彼は私を抱き寄せて再び「愛してる」と言い、キスをした。

「私も」と言うのがやっとだった。愛しているという言葉は、なんだか気恥ずかしくて言えなかった。

彼の飛行機の出発時刻より、私の夏期講習の方が早かったので、彼は私を指導センターまで送ってくれた。柳月ビルのエレベーターで長いキスをして、再会を誓った。

こんな寝不足の体で勉強するのは初めての経験だったけれど、講義をサボタージュする気持ちは全くなかった。愛してると言ってくれる彼ができても、やはり私の本分は学業だという自覚があった。

いつものスケジュールに戻し、本調子になるまで二日要した。

東京に戻った彼は、ホテルに毎晩、電話をくれた。翌々日には「ホテル気付」で手紙が届いた。封筒には、速達の赤いスタンプが押されている。手紙には愛の言葉が綴られていた。初めて受け取るラブレターだった。
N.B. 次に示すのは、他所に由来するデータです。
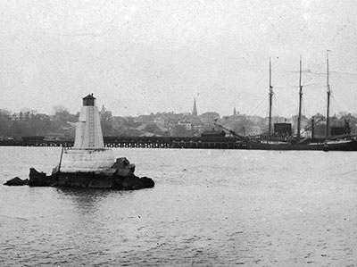 The Sassafras Point Lighthouse was a twin to the Fuller Rock Lighthouse. In 1912 when the Providence River in Providence, Rhode Island was widened, the lighthouse was demolished. Notice the three masted schooner. (Lighthouse Digest archives.) Back to the edition of: Mar/Apr 2019

便箋の端に丸く滲んだ染みがあり、そこに矢印が書かれ「ここに鼻を近付けてごらん」と書かれていた。その染みからは、封を開ける前から漂っていた彼の香水の匂いがして、胸がきゅんとした。

彼は毎日、便箋の左下の角に香水をつけて手紙を送ってくれた。

「どうして端につけるの?」と尋ねたら、

「罫線に吹き掛けたら、書いた文字が滲んでしまうだろう。右や上だと文章を読むときに気が散ると思って、左下につけているんだ」と、彼は言った。

便箋に、愛用している香水をつけて送る男性は、徹さんしか知らなかった。